End-to-end, message-level security for IBM MQ environments
IBM® MQ Advanced Message Security extends the security features available in IBM MQ by providing end-to-end message-level security through signing and encryption. It can help ensure the integrity and privacy of all messages, even when they are at rest in queues. IBM MQ Advanced Message Security enables enterprise-wide, remote management of security polices and can be deployed to existing production environments without changes to existing IBM MQ applications.
IBM MQ Advanced Message Security is available as a separate entitlement or through IBM MQ Advanced.
IBM MQ Advanced Message Security includes:
- End-to-end, message-level security that offers data protection for your point-to-point messaging infrastructure.
- Data encryption and authentication that provides security-rich data transport throughout the messaging cycle.
- Centralized policy capabilities that help enforce message security standards and aid compliance.
- Integration with IBM MQ and other products for easy use with your existing messaging backbone.
End-to-end, message-level security
- Provides application-level, end-to-end data protection for your point-to- point messaging infrastructure, using either encryption or digital signing of messages.
- Supports Hardware Security Modules (HSM) for tamper-proof key storage.
- Uses data encryption, authorization policies and authentication with digital signatures.
- Allows security at the message level, instead of at the queue or connection level.
- Uses public key infrastructure (PKI) technology to provide authentication, authorization, confidentiality and data integrity services.
Data encryption and authentication
- Encrypt messages at the point of inception and keep them encrypted and unable to be modified until they reach their final destination.
- Strengthen data privacy by prohibiting messages from being read in plain text, including in memory, in data queues, in log files and in trace processes.
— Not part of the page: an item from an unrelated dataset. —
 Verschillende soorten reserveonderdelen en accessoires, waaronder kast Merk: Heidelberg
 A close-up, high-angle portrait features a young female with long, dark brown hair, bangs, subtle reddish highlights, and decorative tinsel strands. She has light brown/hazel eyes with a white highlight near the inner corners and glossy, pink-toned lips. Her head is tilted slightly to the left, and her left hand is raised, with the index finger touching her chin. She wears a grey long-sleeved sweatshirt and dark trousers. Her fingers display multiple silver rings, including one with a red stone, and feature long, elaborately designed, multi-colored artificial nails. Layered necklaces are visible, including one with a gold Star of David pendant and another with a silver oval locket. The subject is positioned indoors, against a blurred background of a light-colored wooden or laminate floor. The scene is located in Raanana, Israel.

- Work with message headers in plain text for proper routing by the queue manager.
- Decrypt and authenticate messages only at their final, authorized destination.
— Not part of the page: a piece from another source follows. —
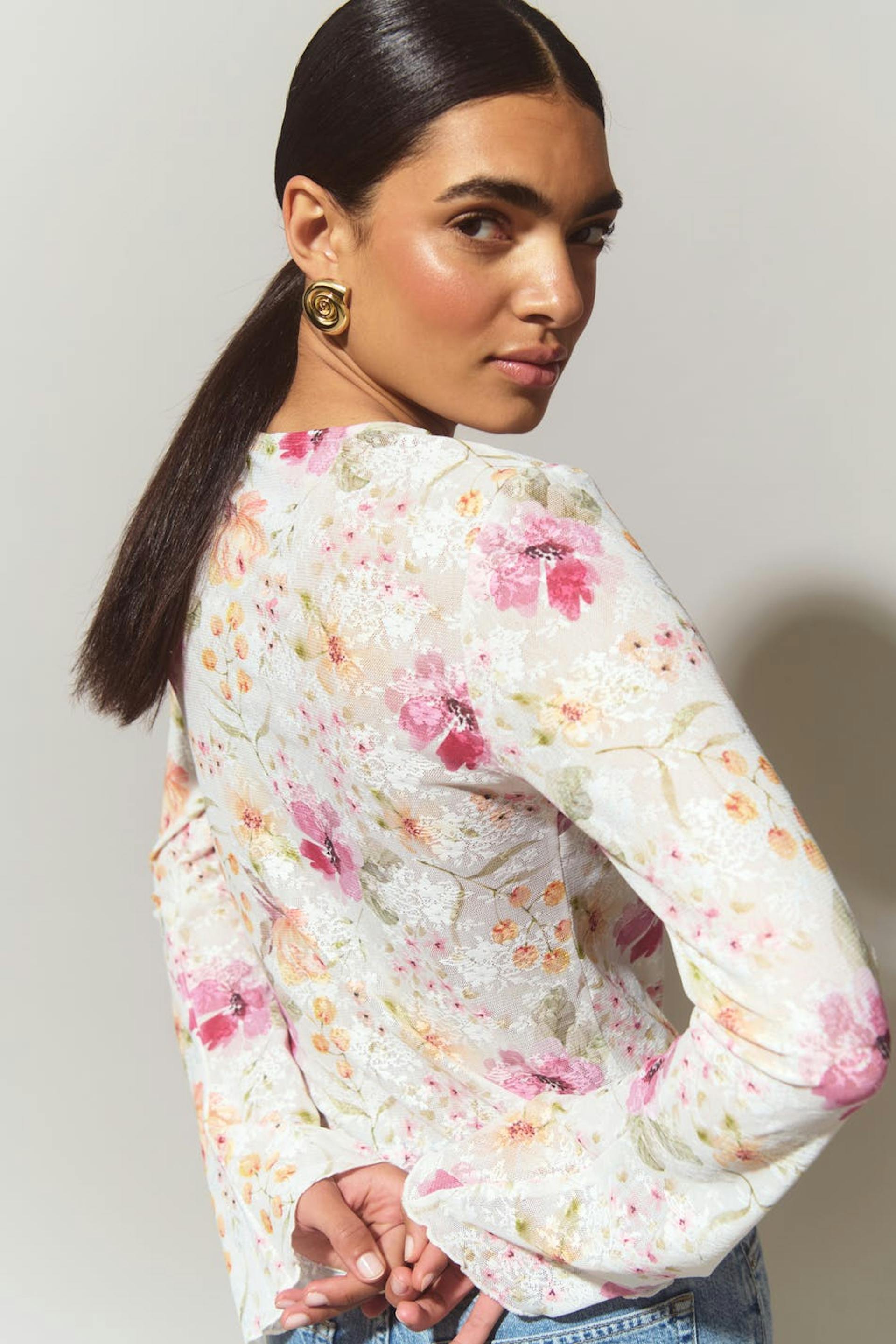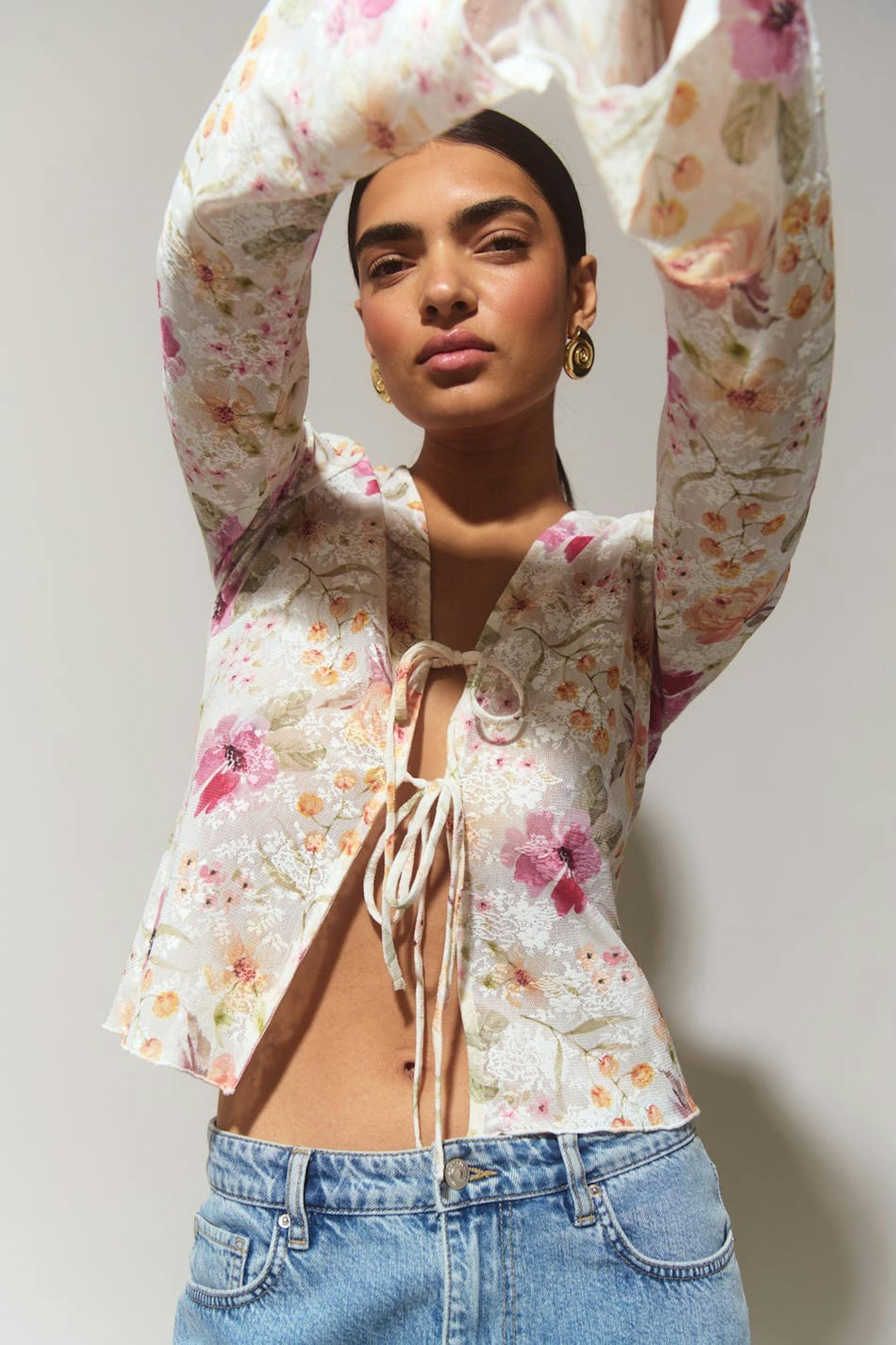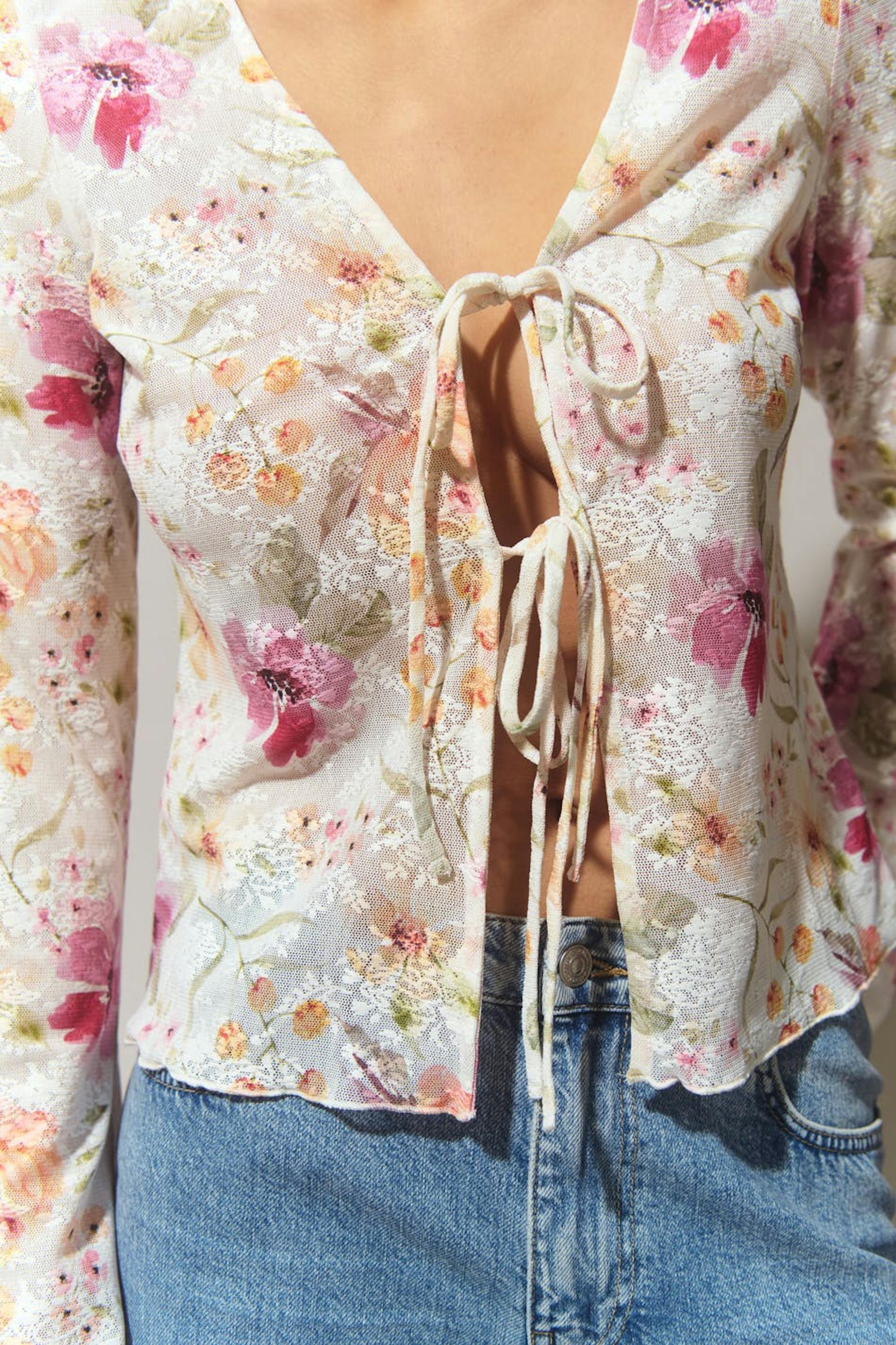 Floral tie top with v-neck. The top is pink and has long sleeve. It has string tie closure at the front.

- Use digital signatures to verify message origin and integrity.
Centralized policy capabilities
- Provide centralized, remote management of message security policies for mainframe and distributed servers.
- Enable administrators to specify a range of messaging restrictions, such as authorizing signers and recipients of messages on specific queues.
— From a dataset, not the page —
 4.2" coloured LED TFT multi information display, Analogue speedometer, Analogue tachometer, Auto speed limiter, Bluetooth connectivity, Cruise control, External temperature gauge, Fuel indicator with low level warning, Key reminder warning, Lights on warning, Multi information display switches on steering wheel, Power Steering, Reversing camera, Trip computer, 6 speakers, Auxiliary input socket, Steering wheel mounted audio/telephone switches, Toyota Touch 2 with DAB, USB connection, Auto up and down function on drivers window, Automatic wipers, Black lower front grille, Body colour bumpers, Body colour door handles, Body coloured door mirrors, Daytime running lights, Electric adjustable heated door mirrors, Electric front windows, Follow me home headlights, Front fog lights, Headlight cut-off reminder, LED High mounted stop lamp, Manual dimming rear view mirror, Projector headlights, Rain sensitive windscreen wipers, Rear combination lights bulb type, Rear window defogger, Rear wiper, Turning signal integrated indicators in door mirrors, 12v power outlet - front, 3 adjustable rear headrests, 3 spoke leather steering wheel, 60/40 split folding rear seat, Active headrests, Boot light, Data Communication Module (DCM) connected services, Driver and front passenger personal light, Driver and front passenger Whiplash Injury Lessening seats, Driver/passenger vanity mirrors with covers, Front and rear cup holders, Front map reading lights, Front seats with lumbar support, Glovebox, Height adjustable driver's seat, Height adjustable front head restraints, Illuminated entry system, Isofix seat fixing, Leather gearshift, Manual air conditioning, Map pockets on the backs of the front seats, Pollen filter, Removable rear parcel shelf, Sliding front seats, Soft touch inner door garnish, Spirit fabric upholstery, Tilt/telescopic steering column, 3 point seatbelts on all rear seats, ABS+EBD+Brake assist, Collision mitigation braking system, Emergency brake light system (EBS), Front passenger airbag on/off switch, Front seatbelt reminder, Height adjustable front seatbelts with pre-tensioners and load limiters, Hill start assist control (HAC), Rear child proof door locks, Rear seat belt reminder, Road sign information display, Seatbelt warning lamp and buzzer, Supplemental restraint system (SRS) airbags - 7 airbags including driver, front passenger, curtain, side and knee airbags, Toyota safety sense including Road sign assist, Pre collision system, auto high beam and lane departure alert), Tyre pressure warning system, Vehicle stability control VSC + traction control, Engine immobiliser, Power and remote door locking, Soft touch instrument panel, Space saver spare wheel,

- Manage and enforce messaging policies using the graphical IBM MQ Explorer tool or command line tools.
- Configure message-level security policies that assist with your auditing and compliance requirements.
- Comprehensive security without writing complex security code or modifying or recompiling existing applications.
Integration with IBM MQ and other products
- Integrates with existing IBM MQ, IBM MQ Managed File Transfer and IBM Integration Bus deployments and applications for additional security.
- Built-in to IBM MQ, eliminating the need for a separate product installation.
- Integrates with IBM MQ Managed File Transfer, providing an end-to-end secure messaging solution for file contents.
- Speeds deployment by eliminating the need for additional servers, daemon processes or changes to existing applications.
- Eliminates complex, time-consuming configuration often required with additional security management systems.